なずながアパートに来てから、アパートの中は随分変わった。互いの程よい距離感が平和を生んでいると思っていたのに、なずなは、皆が保っていた距離をお構い無しに引き寄せてしまった。

苛立ちや諦めに満ちたメゾン・ド・モナコが、今は明るく変わろうとしている。

だから、怖かった。距離が近づけば、この手がまた誰かを傷つけてしまうかもしれない、その時、自分にはもう行く場所はない。皆が変わろうとしている中で、自分の存在がいつか毒になるんじゃないかと思って、怖かった。

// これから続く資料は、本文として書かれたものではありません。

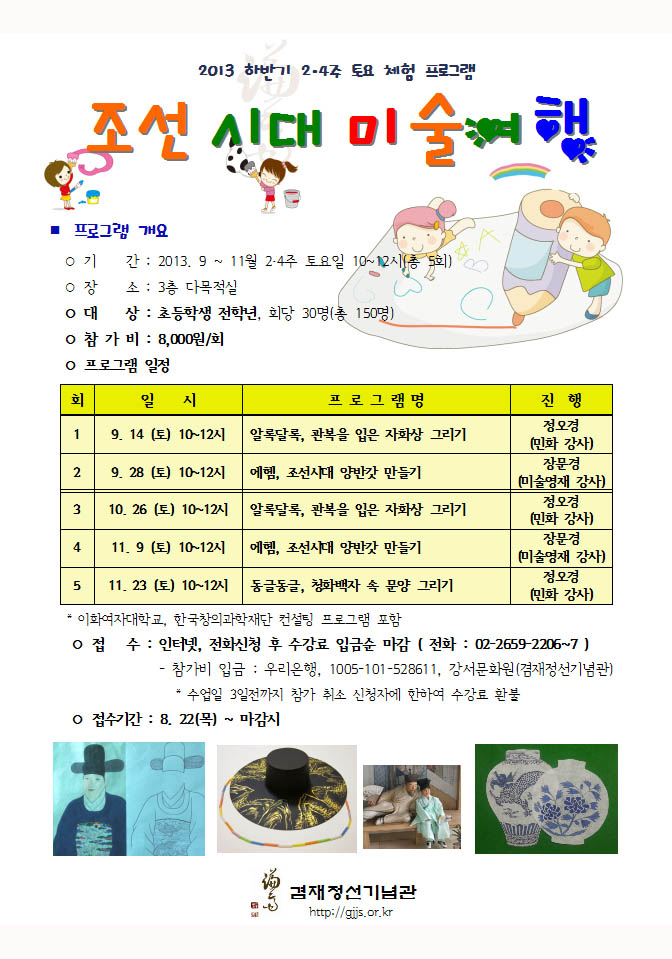 2,4주 토요체험프로그램_조선시대 미술여행 페이지 정보 작성자 장희선 조회 17,121회 작성일 13-08-20 14:26 본문 추천 0 목록 이전글 [겸재정선기념관] 제4회 겸재 내일의 작가 공모 안내 13.08.20 다음글 [느리게 읽는 미술책방] 자원활동가 모집공고 13.08.01 장희선님의 자유게시판 관련글 자유게시판 더보기 H 인기글 [겸재정선미술관] 2018. 제9회 겸재 내일의 작가 … 07-07 H 인기글 [겸재정선미술관] 2017. 겸재랑 즐거운 어린이날 대… 04-16 H 인기글 [겸재정선미술관] 제14회 겸재 전국 사생대회 04-16 H 인기글 [겸재정선미술관] 2017. 제8회 겸재 학술논문현상공… 12-27 H 인기글 [겸재정선미술관] 2017. 제8회 겸재 내일의 작가 … 12-27 H 인기글 [겸재정선미술관] 2017. 겸재 미술관 극장 안내 12-21 H 인기글 [겸재정선미술관] 2017. 겸재 함께 공부하기 강좌 … 12-21 H 인기글 [겸재정선미술관] 2017. 명사석학 미술 인문학 강좌… 12-21 H 인기글 [겸재정선미술관] 제2기 겸재 홍보 서포터즈 활동단 모… 12-06 H 인기글 [겸재정선미술관] 2017. 학술논문현상공모 안내 08-02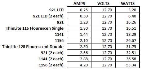 A single 921 auto bulb draws 1.28 amps, a 921 LED bulb only .25 amps.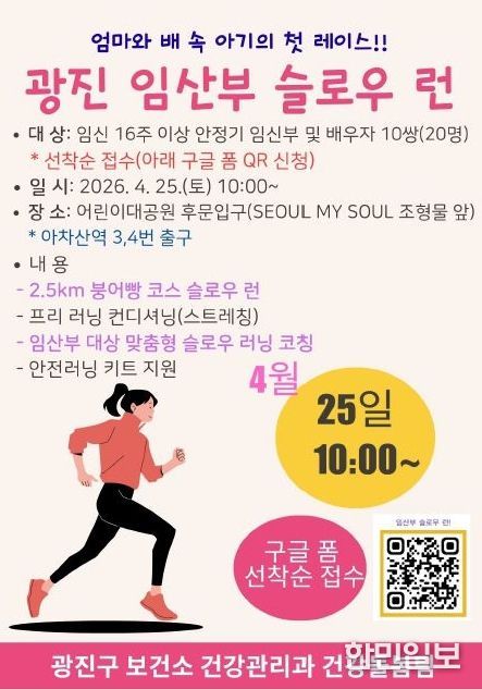 구 관계자는 “임산부 슬로우 러닝은 부부가 배 속 아기와 처음으로 호흡을 맞추며 함께 걸어가는 뜻깊은 시작”이라며, “앞으로도 현장의 목소리를 반영해 임산부의 신체와 정서 건강을 함께 살피고, 아이 키우기 좋은 환경을 만들어 나가겠다”고 말했다.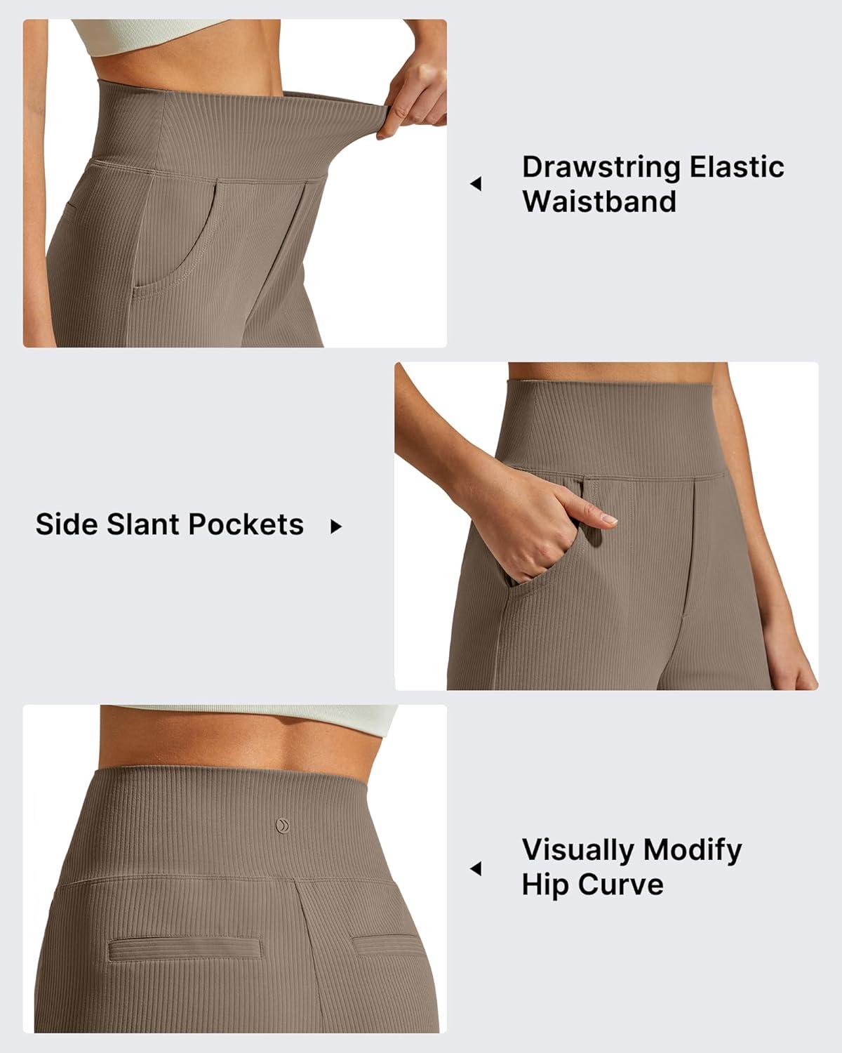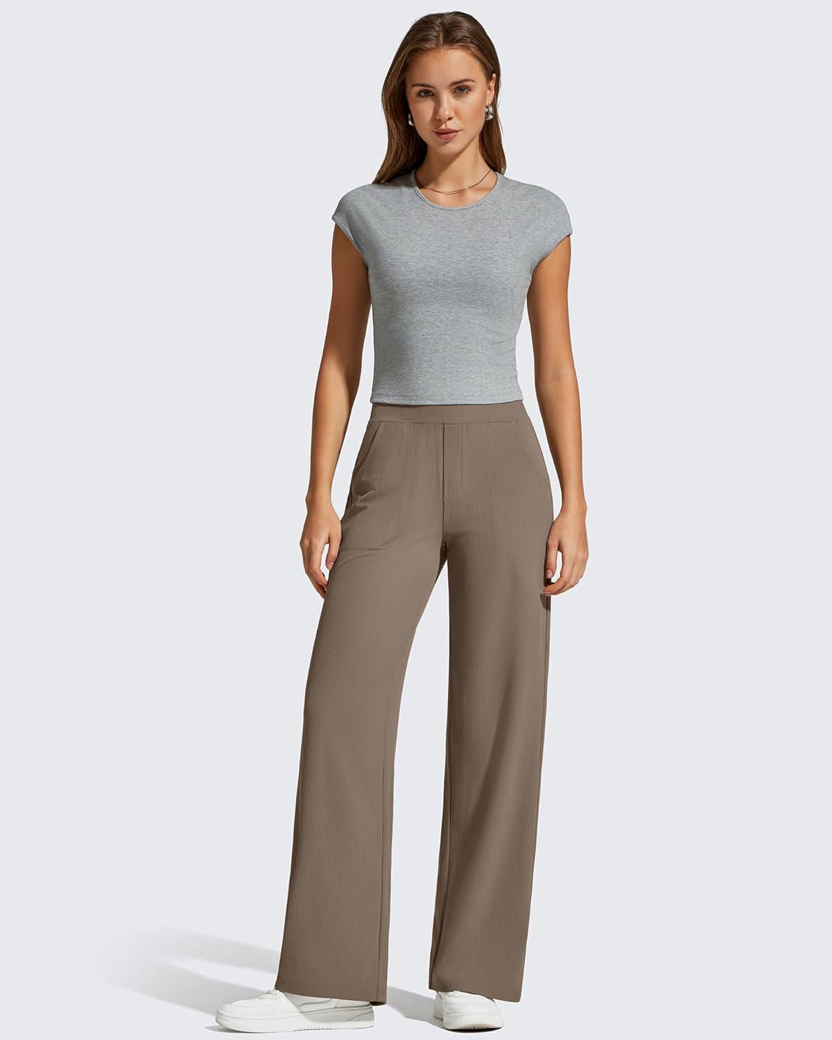 G4Free Breathable Ribbed Knit Wide Leg Yoga Pants Women Stretch Yoga Pants High Waist Trouser with Pockets(Dirty Latte)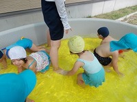 お友だちと「ひゃあ♪」と言いながら水をかけあったり、誤って自分のかけて「ふえっ(+_+)」となったりと各々に水遊びを楽しんでました。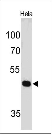 Western Blot of HeLa Cell Lysate using PAX7 Monoclonal Antibody (PAX7/497). |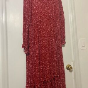 -Gently Worn -Minimal Wear from safety pin (pictured) -Maxi Length -Tie Neck -Ruffle Detail -57 3/4” L x 17.2 W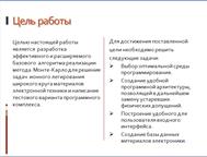 Целью настоящей работы является разработка эффективного базового алгоритма реализации метода Монте-Карло для решения задач ионного легирования широкого круга материалов электронной техники и написание тестового варианта программного комплекса. Для достижения поставленной цели необходимо решить ряд ниже перечисленных задач.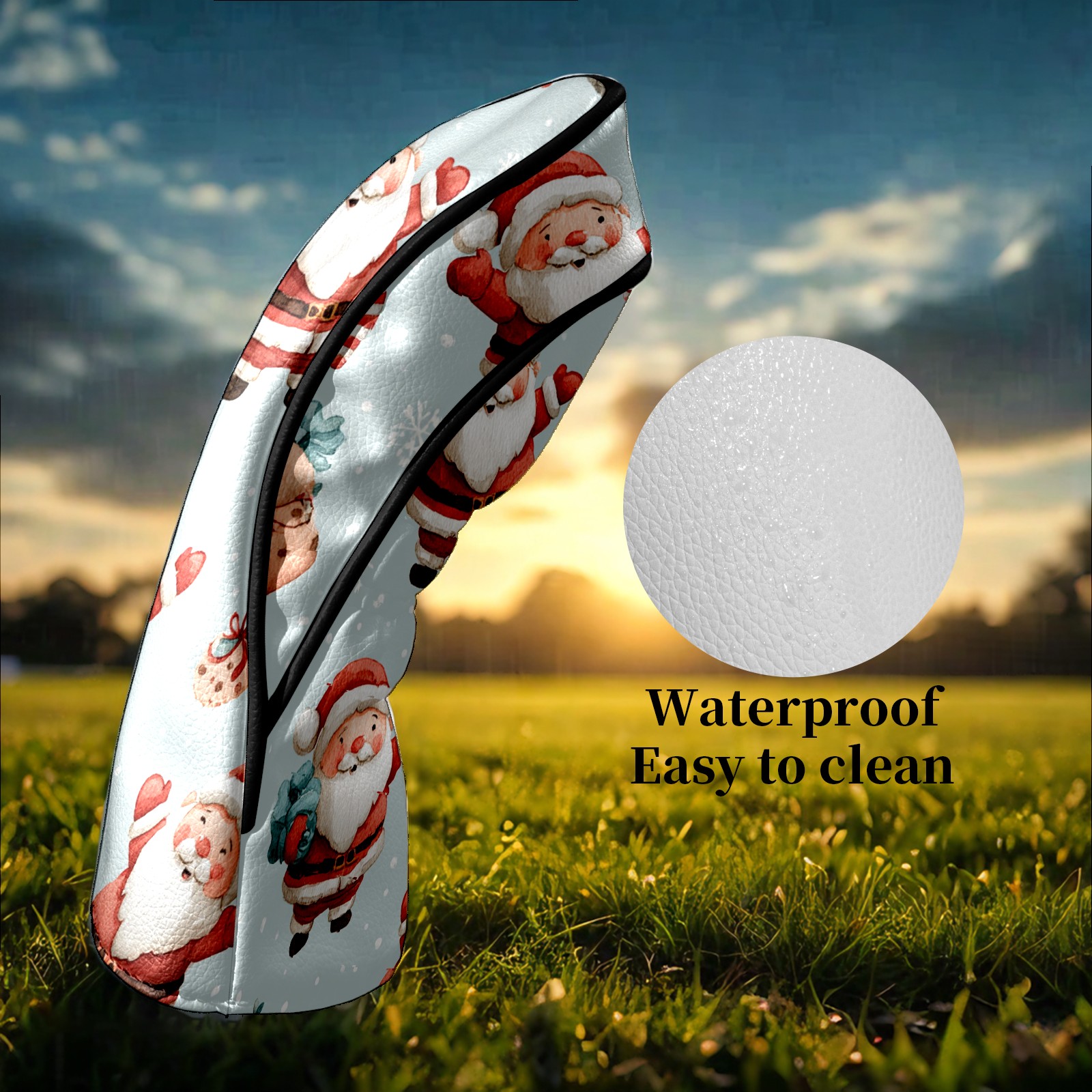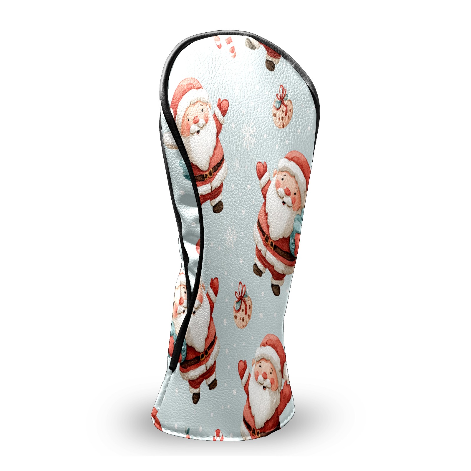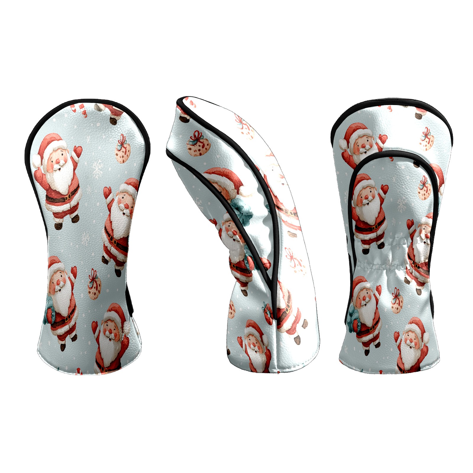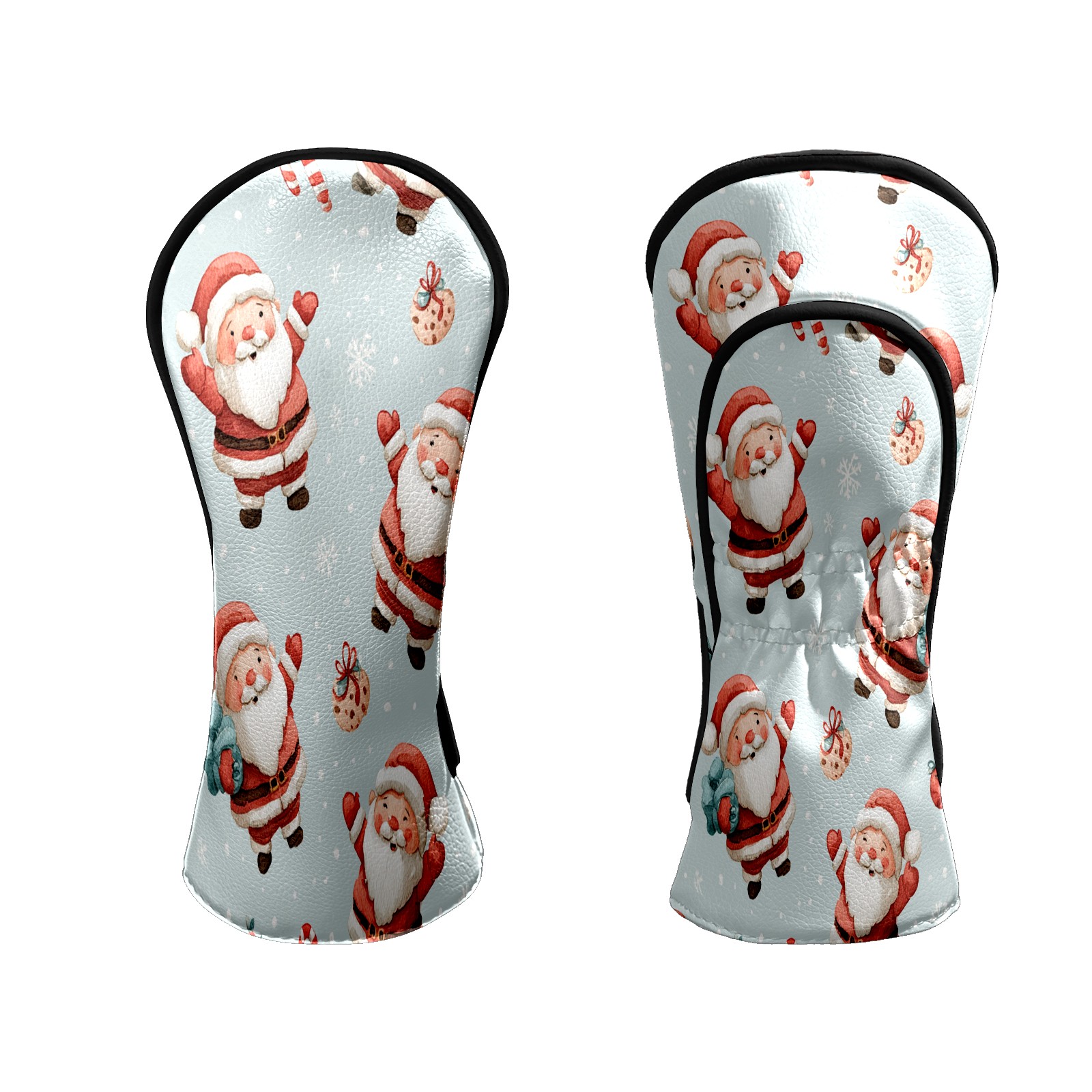 Counullo Golf Head Covers - Blue Xmas Santa Driver Fairway Headcover, Durable PU Leather & Soft Velvet Lining, Secure Elastic Band, Perfect Christmas Golf Gift for Men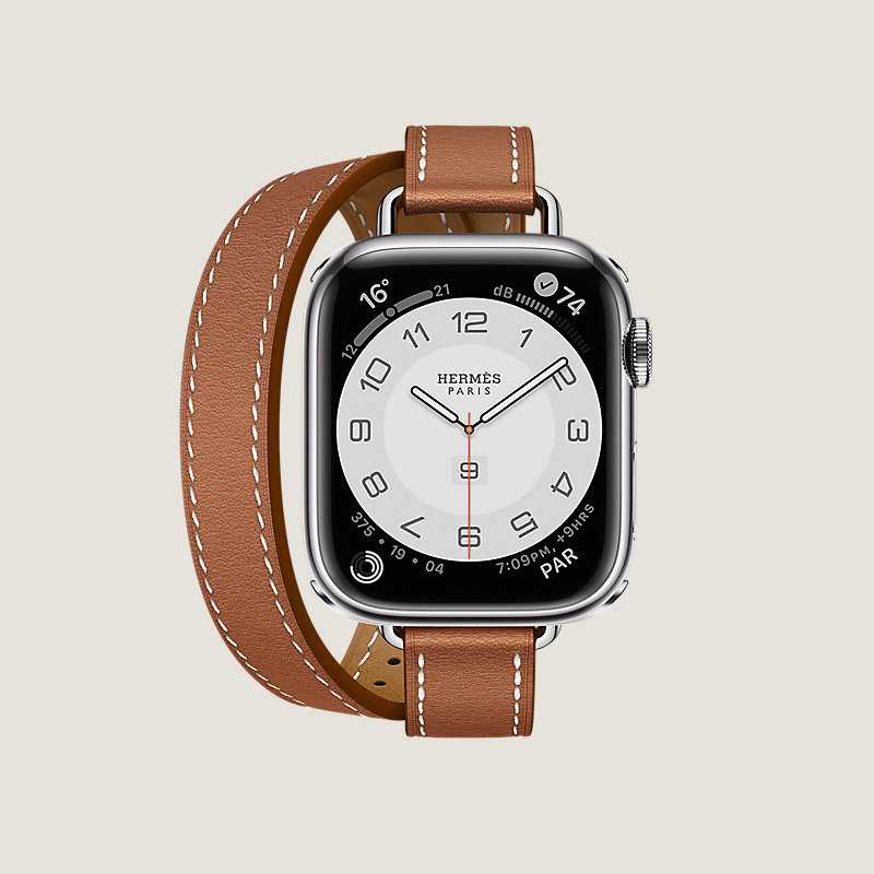 Boîtier Apple Watch Hermès Series 8 en acier inoxydable 41 mm & Bracelet double tour en veau Swift coloris Gold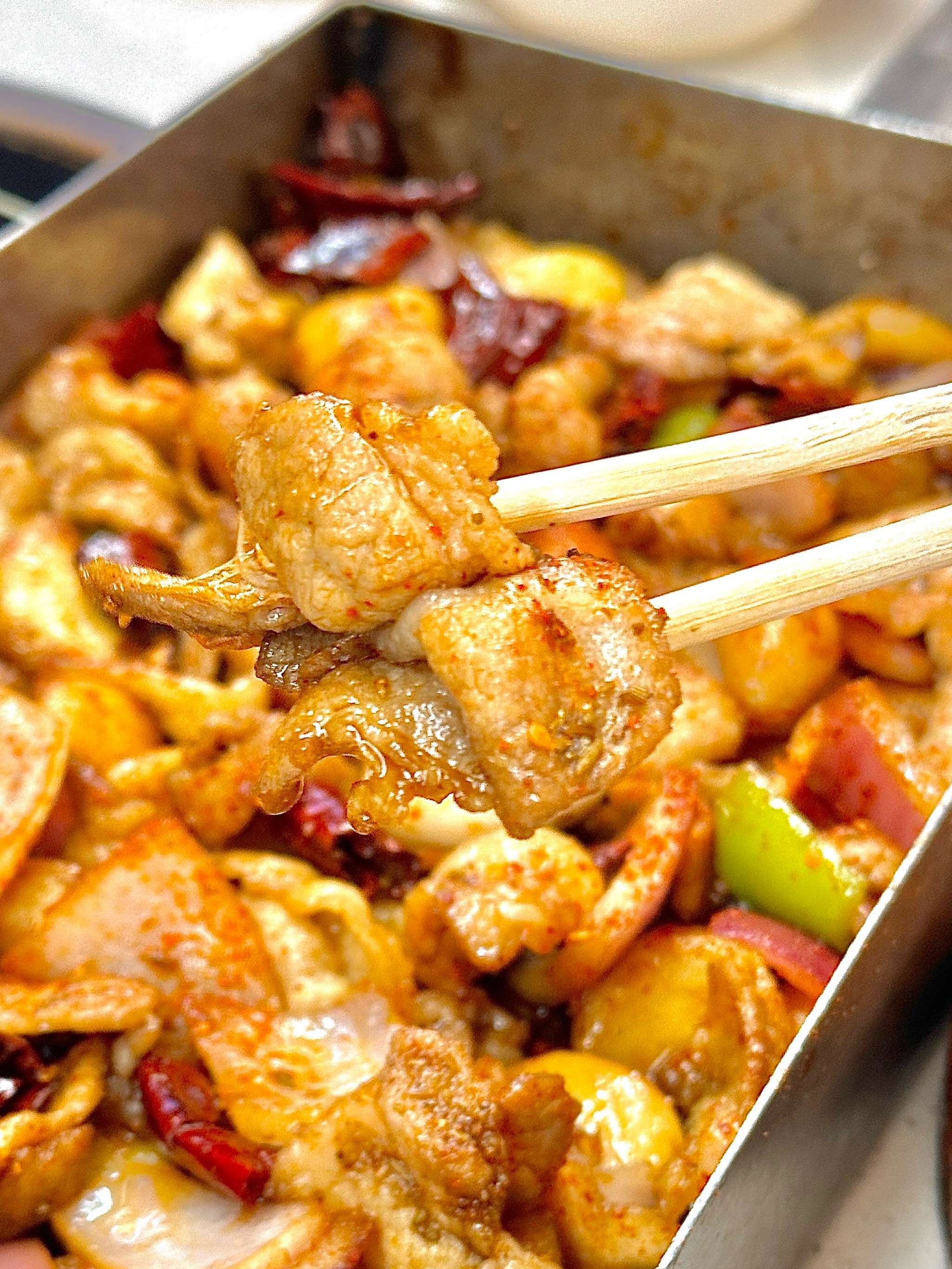 戳子肉是青岛式烤肉,“戳子”是青岛话,指带把的小铁盒。将五花肉、大虾、烤饼等食材装入,炭火烤制,调料足,味道浓。尤其是戳子大肠,是很多店铺的招牌菜。

それなのに、なずなは怖れず向かってくる。真っ直ぐにその心に触れてくる。誰かの為に必死で、目を逸らしたくても、逸らせなくて。

伸ばされる手を、掴んでしまいたくなる。

許されていいのかと、願ってしまう。


伏せた視線を上げると、なずなはフウカの言葉を静かに待っているようだ。この気持ちの揺らぎすら、共に乗り越えようとしてくれているかのようで、フウカは何だか心強かった。



「…あなたはもう、アパートの住人じゃないですか」


そうフウカが言えば、なずなは嬉しそうに表情を緩め、はい、と笑顔で頷いた。

その笑顔に頼りたくなってしまい、フウカは繋がる手に視線を落とした。


「…僕は強くなれるでしょうか」

「強く?」

「もう、大切な人を傷つけたくないんです。このグローブは、戒めでした」


ぎゅ、と力のこもる手に、なずなは力強く頷いた。


「なれますよ!傷と向き合うフウカさんは、もう十分強いと思います!大丈夫、大丈夫ですフウカさん」


フウカはきょとんとしてなずなを見つめたが、それはすぐに笑顔に変わった。


「…ありがとう」


それは、とてもキレイな笑顔だった。






二人が少しの照れくささを引き連れてキッチンカーに戻ると、いつもある長蛇の列が嘘のように、紫乃(しの)のキッチンカーの周りだけ客がいなかった。


「え、どういう事ですか!?」

「あ、お帰りーお二人さん」


にこりと手を上げる春風に対し、紫乃の顔は悲壮感に溢れている。


「どうしてお客さん来ないんだろう…俺、何かしたかな、知らない所で食中毒とか!?どうしよう…」


頭を抱える紫乃の隣で、春風はこっそり手を叩く。すると、どこからともなく人が集まり始め、途端に店は賑わいを見せた。


「…まさか」


ジロ、と睨むフウカとなずなに、春風はカラリと笑ってみせ、フウカの背中を押した。


「ほら、お客さんが待ってるよー、フウカ君!」

「あなたね…」

「良かった!早くフウカ君!この店は君が居なきゃダメなんだ…!」


嬉々として動き出す紫乃に手を引かれ、フウカはエプロンを巻き手を消毒する。その手はまだグローブがはめられたままだけど。


「じゃ、家で待ってるよー」


春風の声に振り返り、その隣で手を振るなずなを目に留め、フウカは元気に「はい」と頷いた。